The world is what we make it, and what we seek is there to be found, somewhere, in some time, whether by our doing or another's.

Monday, June 18, 2007

The Rubik's Cube of Life

It feels like that sometimes, doesn't it? You want to fix something, you turn the cube, and something else has suddenly popped out of position. You twist that into place, and again, something totally unrelated is suddenly taunting, demanding your attention. With each extra attempt to fix things, you can barely tell whether they're getting better or worse. Unfortunately, this is also one of those deluxe cubes, not the cheap ones that you can cheat by peeling the stickers off and putting them where you want.

By all accounts, things should be great. I've had a few significant milestones in the recent past. However, it seems like each time the top of the hill is reached, all it does is reveal more hills that it was obscuring from view last time.
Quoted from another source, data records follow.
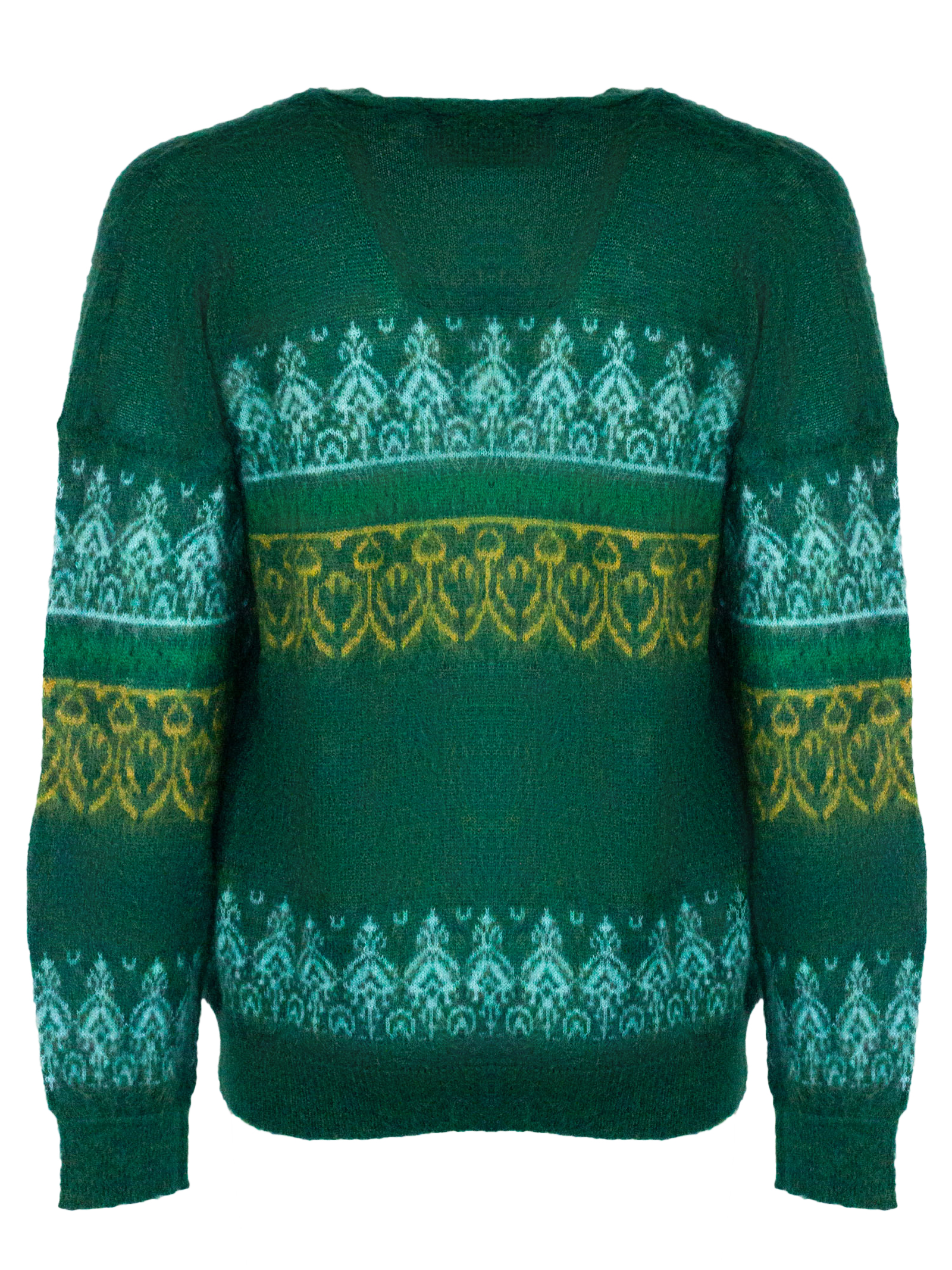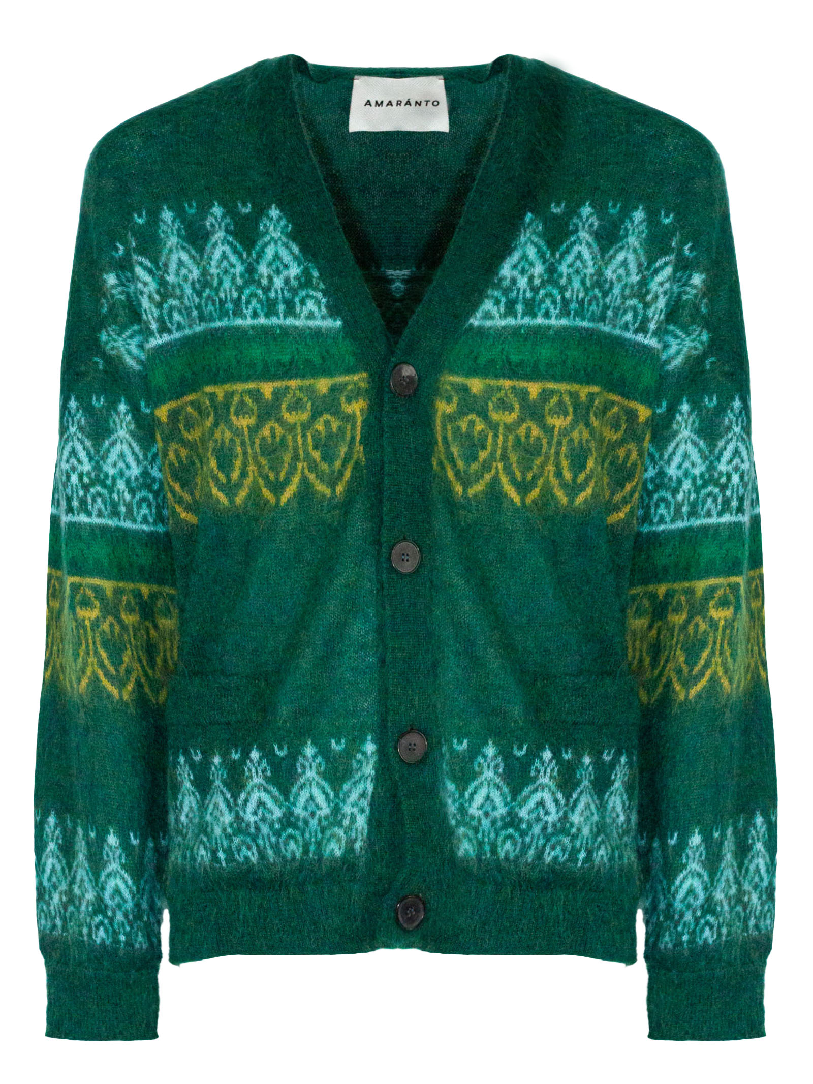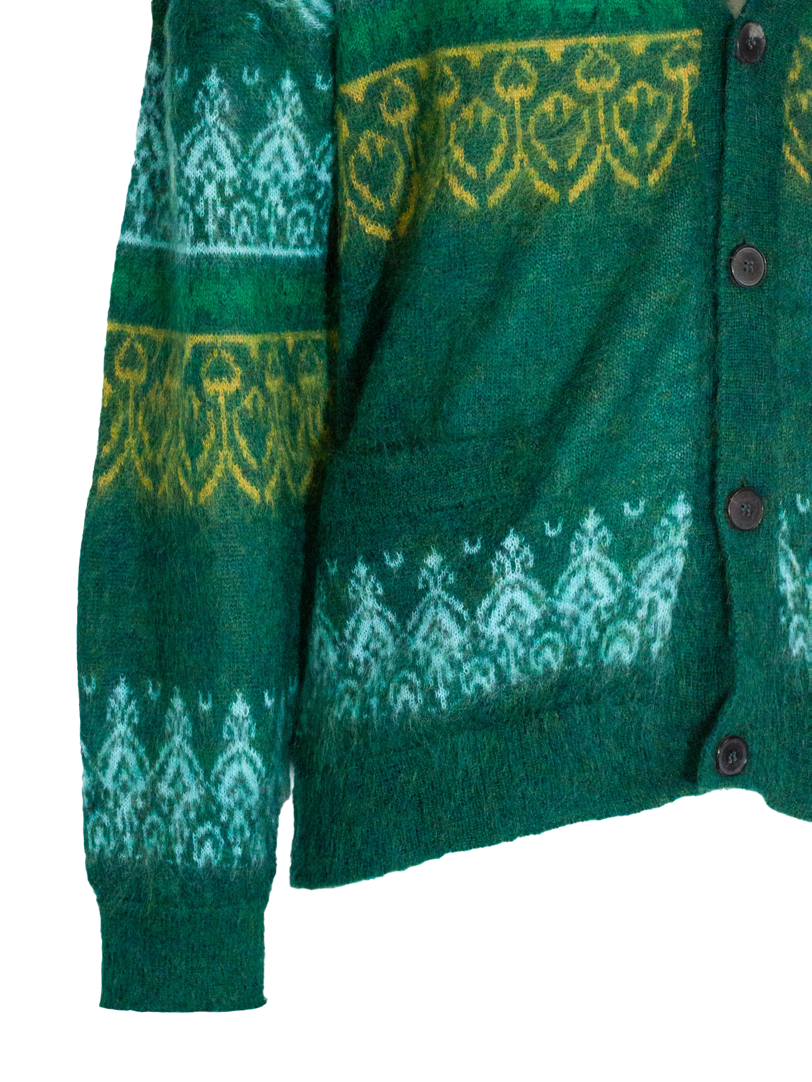 Cardigan in misto mohair e lana verde, design all over, chisuura frontale con bottoni, scollo a V profondo, finiture a coste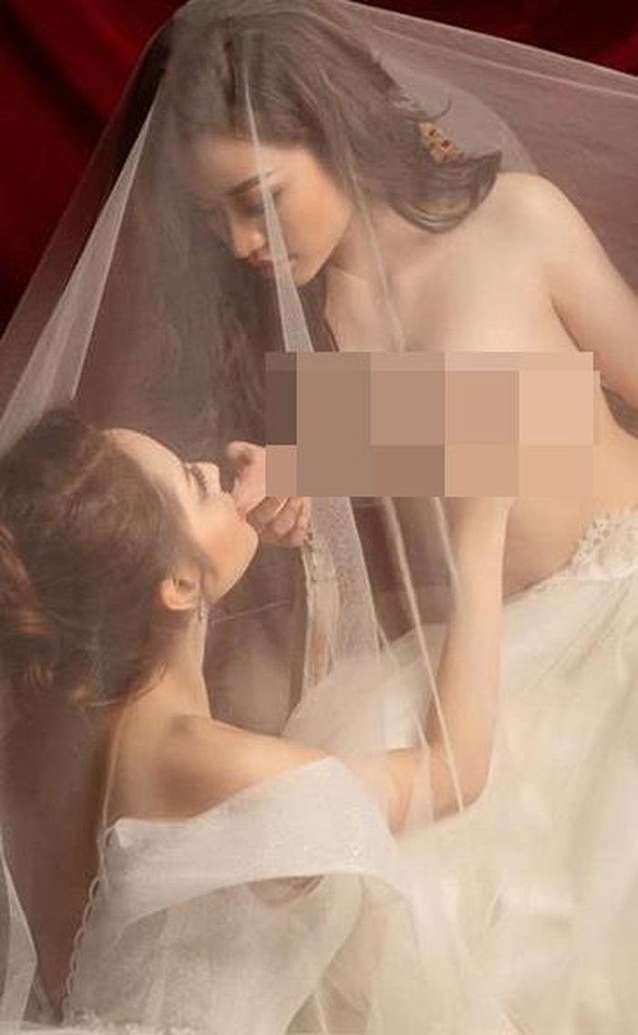 Hình ảnh nhạy cảm trong bộ ảnh cưới của 2 cô nàng.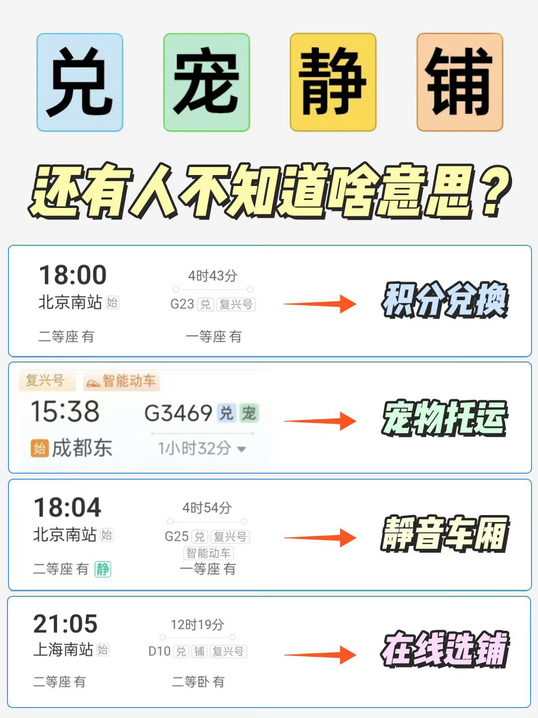 12306购票页面出现雪字我以为这个“雪”是提醒目的地有雪,原来是可以预约随车携带学具,不过南方的朋友应该是体验不到了!现在买火车票真的是越来越人性了,各种标识列车越来越多,我之前也就体验过积分兑换和静音车厢…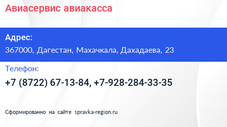 Авиасервис, авиакасса по адресу 367000, Дагестан, Махачкала, Дахадаева, 23 в дальнейшем Организация, размещена в следующих категориях:

Throughout all of this is the undercurrent of frustration, that the goal keeps moving, and sometimes it seems difficult to decide what actually matters and what doesn't.

Game design is like that, too. You finish a project, it's amazing, you step back and admire it... and before the dust can settle, someone somewhere is demanding that you notice their amazing idea and make it come to life. I often wish that I was less polite. Almost as if being tolerant is a curse, an invitation for others to take advantage of it.

Much like the cube, though, it is impossible to really tell which path will end up with the best result. Until then, clanking armour plates will be good enough to keep things at bay, with the finger-rending gnash of armadillo teeth for those who fail to get it the first time. Fairly instinctive and uncontrolled in some ways, but then again I've never been very good at solving those cubes. Fortunately, mimicking their secure shape by rolling into a ball is always an option.